Workload Scratch Pretrained+Online Δ (pp) p Verdict
constant 0.00% 0.00% 0.00 0.37 NO-GO
sawtooth 6.62% 4.59% −2.03 1.8e-4 GO (init helps)
burst 5.45% 5.51% +0.06 0.006 borderline
scroll 7.08% 6.78% −0.30 0.04 GO (init helps)

Pretrained init lowers sawtooth jank by 2pp and scroll by 0.3pp. Burst moves slightly the other way — scratch+online had already converged to the workload's structural floor (B0 and B1 also sit at ≈5.5% on burst), so pretrained init offers no room to improve.

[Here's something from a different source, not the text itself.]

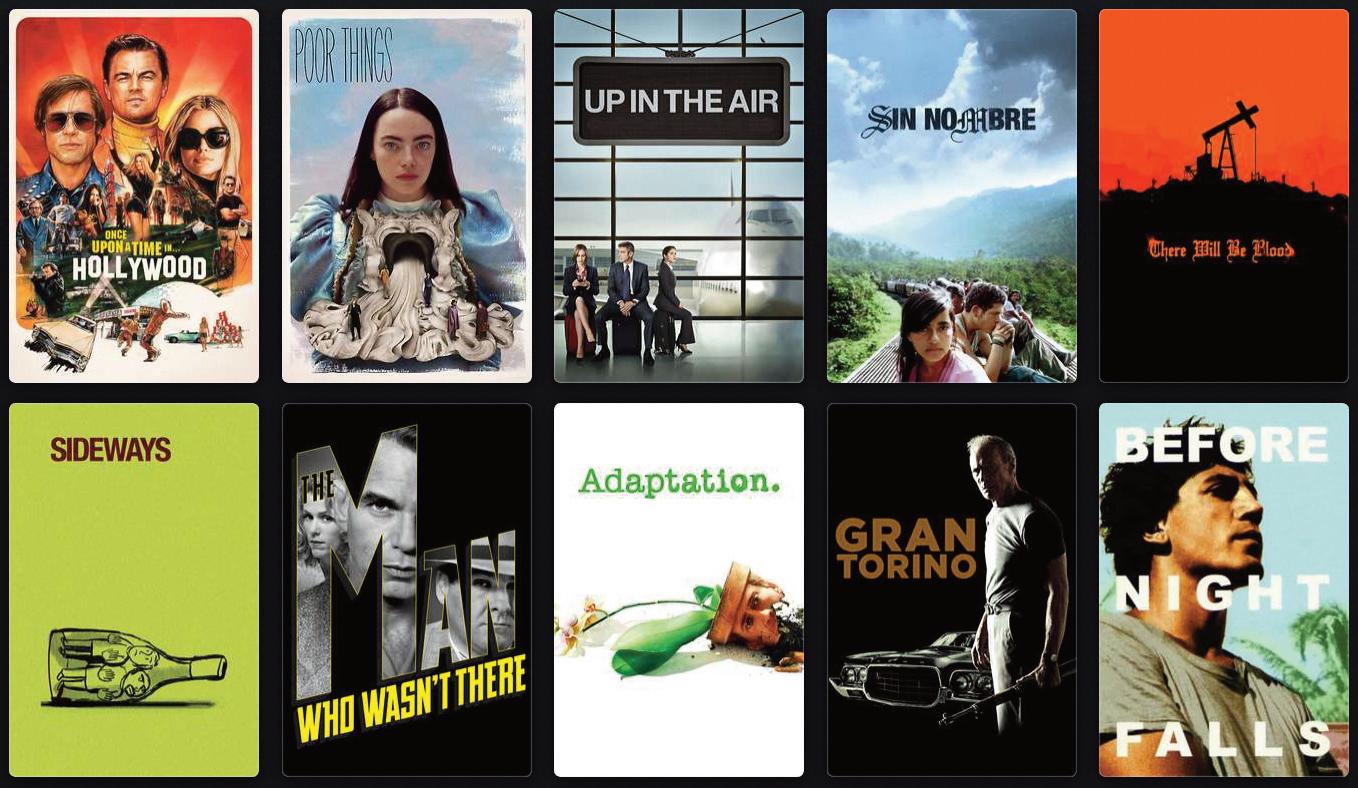 Once Upon a Time... in Hollywood 1 Poor Things 2 Up in the Air 3 Sin Nombre 4 There Will Be Blood 5 Sideways 6 The Man Who Wasn't There 7 Adaptation. 8 Gran Torino 9 Before Night Falls 10 Traffic 11 Almost Famous 12 Y Tu Mamá También 13 Her 14 Donnie Darko 15 The Royal Tenenbaums 16 Memento 17 The Visitor 18 Gangs of New York 19 Far from Heaven 20 Igby Goes Down 21 Mystic River 22 Seabiscuit 23 The Cooler 24 American Splendor 25

(b) Pretrained+Online vs Pretrained+Frozen — Online-learning marginal value

Workload Pretrained+Online Pretrained+Frozen Δ (pp) p Verdict
constant 0.00% 0.00% 0.00 1.00 NO-GO
sawtooth 4.59% 11.68% +7.09 1.8e-4 GO (online helps)
burst 5.51% 5.52% +0.01 0.79 NO-GO
scroll 6.78% 14.61% +7.83 1.8e-4 GO (online helps)

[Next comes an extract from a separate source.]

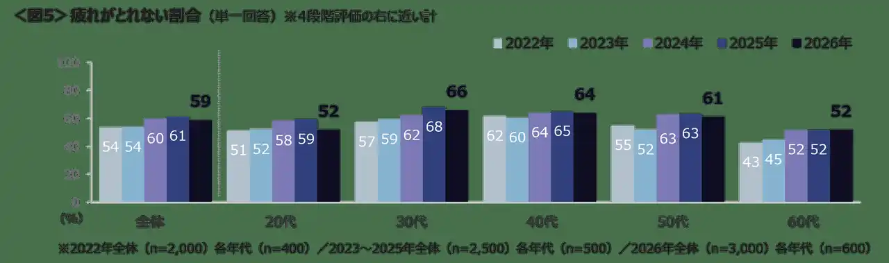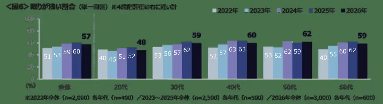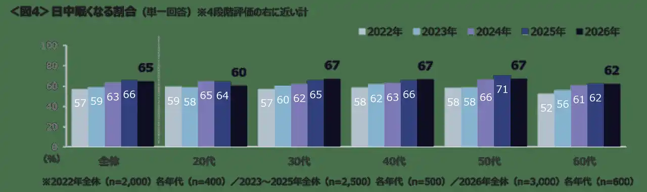 良好ではない睡眠状態を年代別見ると、「日中眠くなる」が30~50代、「疲れがとれない」は30~40代、「眠りが浅い」は50代で多い。「日中眠くなる」は30~40代において、2022年より増加傾向が続いている。<図4~6> |

Freezing the pretrained weights costs 7–8 percentage points of jank on the ramping workloads (d ≈ −34 on scroll, d ≈ −80 on sawtooth). The pretrained prior alone is not enough — online adaptation is where most of the gap closes.

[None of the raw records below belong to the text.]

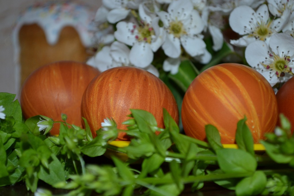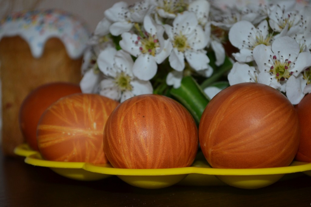 Рецептов окрашивания яиц к Светлому празднику Пасхи достаточно много. Я предлагаю окрасить яйца с помощью ниток и луковой шелухи. Способ достаточно прост, а яйца выглядят нарядно.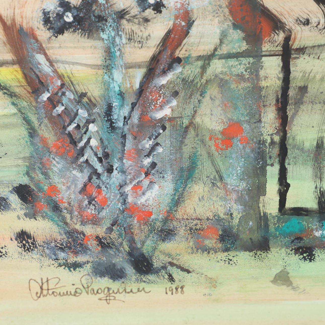5019139. ANTONIO PASQUALINI. Composition, mixed media, signed 1988.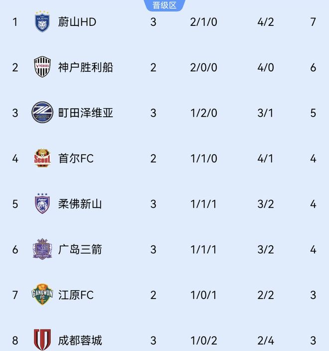 随着海港+蓉城皆02失利,亚冠最新积分榜出炉:榜首+垫底队易主

(c) B1 (hand-crafted frozen prior) vs Pretrained+Frozen (data-learned frozen prior) — Blog headline match

Workload B1 Pretrained+Frozen Δ (pp) p Winner
constant 0.00% 0.00% 0.00 0.32 tie
sawtooth 1.66% 11.68% +10.02 8.2e-5 B1 wins by 10pp
burst 5.56% 5.52% −0.04 6.7e-4 tie (effect < 0.05pp)
scroll 3.38% 14.61% +11.23 8.5e-5 B1 wins by 11pp

Both are frozen priors. B1 is 3 EMA thresholds; Pretrained+Frozen is a 353-parameter MLP trained on 334,510 samples. On the two ramping workloads B1 was originally hand-crafted for, B1 destroys the learned prior (d ≈ −114 on scroll, d ≈ −649 on sawtooth — effect sizes so large they mainly reflect how tight B1's deterministic variance is).

On effect sizes

The d values above reach magnitudes (up to −649) that would be implausible under Cohen's conventional "large = 0.8" calibration. Those conventions come from human-subjects research where run-to-run SD is a sizable fraction of the mean; this benchmark's controlled headless environment produces SDs in the 0.001–0.3 pp range because B1 and Pretrained+Frozen are both deterministic at the chosen seed. The manual recomputation in PHASE5_COHENS_D_VALIDATION.md matches analyze.js bit-for-bit — the d values are mathematically correct, but the practical magnitude of each comparison is the |Δ| in percentage points, not the d. Treat d here as a "not-measurement-noise" qualifier and read the pp figures for the real story.

Structural conclusion

Part 1's deficit is not a cold-start artifact. It is structural.

  1. Cold start matters some, but less than the residual gap. Pretrained init closes 2pp on sawtooth and 0.3pp on scroll (table a). That is real progress — but Part 1's Predictor-vs-B1 gap on sawtooth was 4.96pp, and pretrained+online (4.59%) still sits 2.93pp above B1's 1.66%. Init is a factor; it is not THE factor.
  2. Online learning is still essential. Freezing the pretrained prior loses 7–8pp to online on ramping workloads (table b). The 334k-sample offline pass does not produce a prior that stands on its own.
  3. B1's inductive bias beats the MLP's capacity. With both priors frozen (table c), B1's 3-parameter EMA beats the 353-parameter MLP by 10pp on sawtooth and 11pp on scroll. B1 encodes something about "normalized dt trend → degrade/reduce threshold" that the MLP cannot extract from this data distribution.
  4. Burst remains Predictor's niche. All approaches converge to 5.45%–5.56% on burst. This is the workload where B1's recent-trend heuristic gets no advantage (spikes are independent of recent history) and the MLP is at parity with B1 regardless of init.

Implications for Phase 6

  • The blog post should reframe the Part 1 "NO-GO" as a structural scheduler dichotomy, not a failure. The Predictor is not beating B1 on ramping workloads even with ideal pretraining — but B1 cannot be pretrained, tuned per user, or generalize to unseen workload structures. They live on different branches of a design tree.
  • Ablation suggestions that are now DEAD ENDS: "more training data", "longer online exposure", "better initialization". None of these close the ramping-workload gap to B1 at this architecture.
  • Ablation suggestions that remain LIVE: different architecture (recurrent, trend-aware inputs), explicit trend features injected into x, or hybrid (B1-style EMA as a feature fed to the MLP).